What is the predominant type of collagen that is present in the final stage of fibrous capsule development in the foreign body response?

(A) Collagen type I
(B) Collagen type II
(C) Collagen type III
(D) Proteoglycans

Answer 24

(A) Collagen type I

type I is present in the final stage of fibrous capsule development

Question 25

The following is a histologically stained image of the cross-section of a fibrous implant. The cross-section has been stained with a set of dyes known as ‘haematoxylin’ and ‘eosin’. Circle in the image: (a) a foreign body giant cell (FBGC) or an FBGC cluster, and (b) fibrous tissue layer (2 marks total)

Answer 25

see image, (a) circled, (b) highlighted

Question 26

Name one detrimental impact the presence of a significant fibrous capsule can have in the context of implanted biomaterials. (1 mark)

Answer 26

- Fibrous capsule formation often leads to implant loosening --\> Loose interaction between implant and tissue - influences the function e.g. in electronic devices --\> it alters the impedance

Question 27

Briefly describe how the presence of heavy metal ions can trigger the adaptive immune response (2 marks)

Answer 27

1. Metal ions can penetrate skin 2. Metal ions then interact with proteins in skin 3. Metal-ion-protein compound **- metalloprotein compound --\> Antigen!** 4. Triggers immune response * Dendritic cells and antigen-presenting cells give this to T-cells * Specialised T-cells targeting this metal-protein compound now clones and multiplies * In the case of future events, the body is capable of rapidly generating these specialised T-cells, making the immune response “adaptive” * (As a paragraph):* Metal ions penetrate skin and forms metalloprotein in the body, which is recognised as an “antigen”. The immune system then generates specialised T cells to target these compounds, causing an immune response.

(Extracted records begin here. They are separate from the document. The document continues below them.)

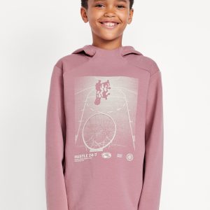 Dynamic Fleece Pullover Hoodie for Boys: Made to keep up with all their shenanigans.built-in hood, long sleeves, side zippered pockets, #505457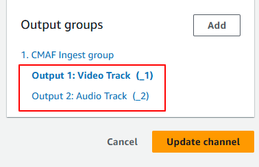 - Ensure you set up separate Audio and Video Tracks. This is required as MediaPackage and SyncWords need distinct audio and video tracks for captions to function correctly.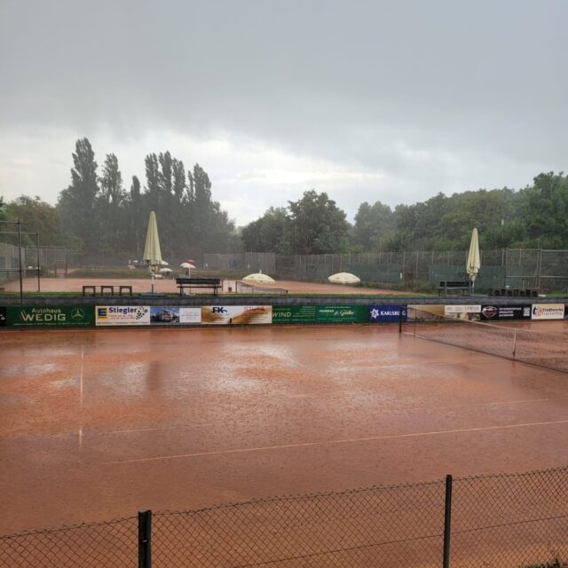 Regen besonders am Freitag: Einige Spiele fanden in unsere Halle statt, die anderen waren am Samstag nachzuholen. Ein Wolkenbruch am frühen Samstag bremste den Turnierablauf nochmals.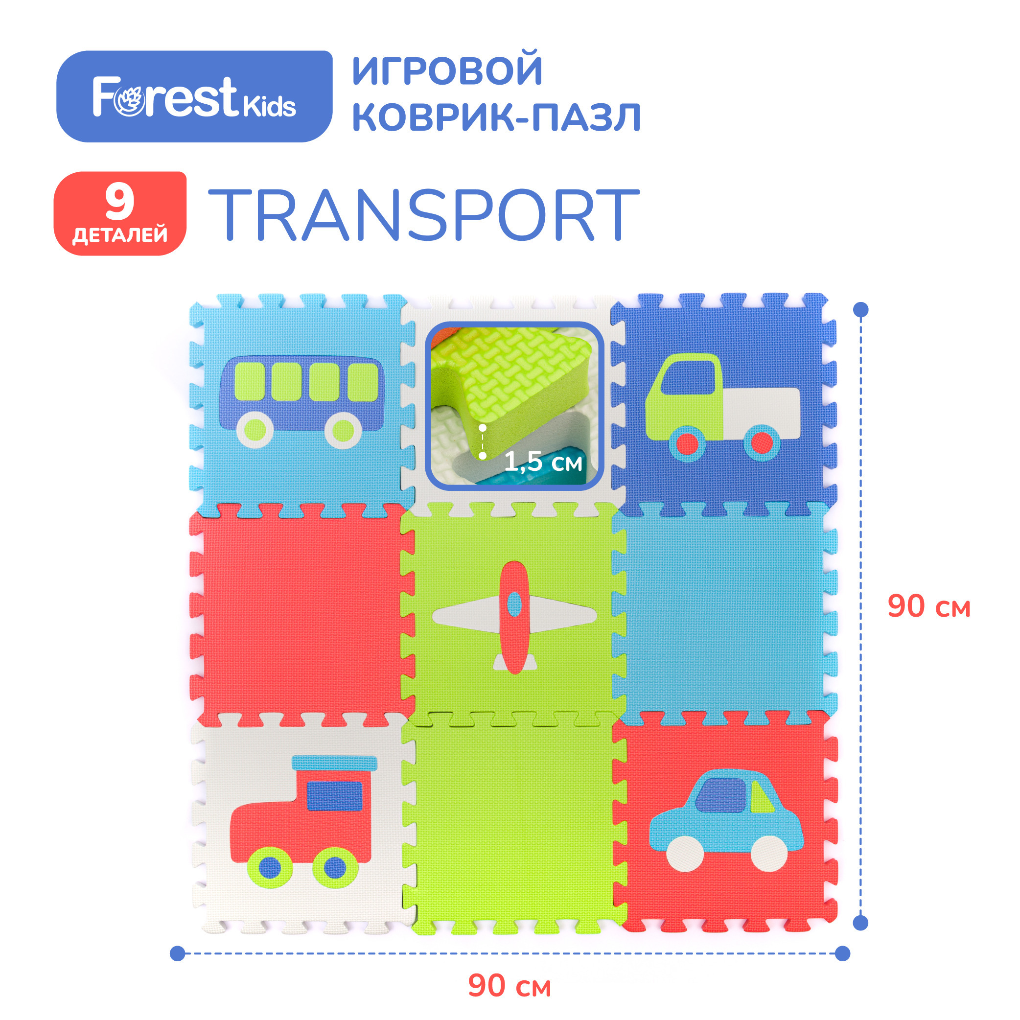 Игровой коврик пазл Transport 9 деталей 30х30х1,5 см Sky blue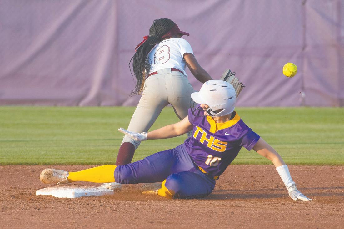 Tallassee’s Alli Smith (10) slides safely into second with a double against Benjamin Russell.

After the attack, the body is now capable to make these specialised T cells rapidly in case of future events, thus making it an “Adaptive” immune response. Generally speaking, more metal exposure, more T-cell build-up so more antibodies and immune cells for the future immune response. * Generally speaking,* more metal exposure, more T-cell build-up so more antibodies and immune cells for the future immune response.

Question 28

Briefly describe how the presence of a wear-particle generating implant can lead to osteolysis (2 marks)

Answer 28

Wear particles will trigger an innate immune response: 1. Macrophages are recruited 2. Macrophages start phagocytosing 1. Continue to release more and more inflammatory cytokines and interleukins (if the foreign body outnumbers the macrophages) 2. Surrounding tissue is damaged/necrotized due to inflammatory factors 3. Eventually leads to osteolysis

Question 29

List two biological factors that have contributed to the long-term failure of synthetic ligament/tendon prosthesis materials that have been used in the clinic during the 1980s and 1990s, but are now no longer being clinically approved because of these factors (2 marks)

Answer 29

1. There is poor infiltration of the collagen into the material. The collagen spaces out the fibres and this weakens the synthetic ligament/tendon 2. Wear particles are produced due to abrasion between the fibres (creates wear particles). This results in macrophage infiltration and degradation of the fibres.

Question 30

List two strategies to prevent thrombosis on blood-contacting materials. (2 marks)

Answer 30

* Use of a polyethylene glycol or hydrophobic layer on the device to reduce the extent of protein adsorption. * Increase the smoothness of the material to reduce the attachment of proteins to the surface. * Release antithrombotic drugs.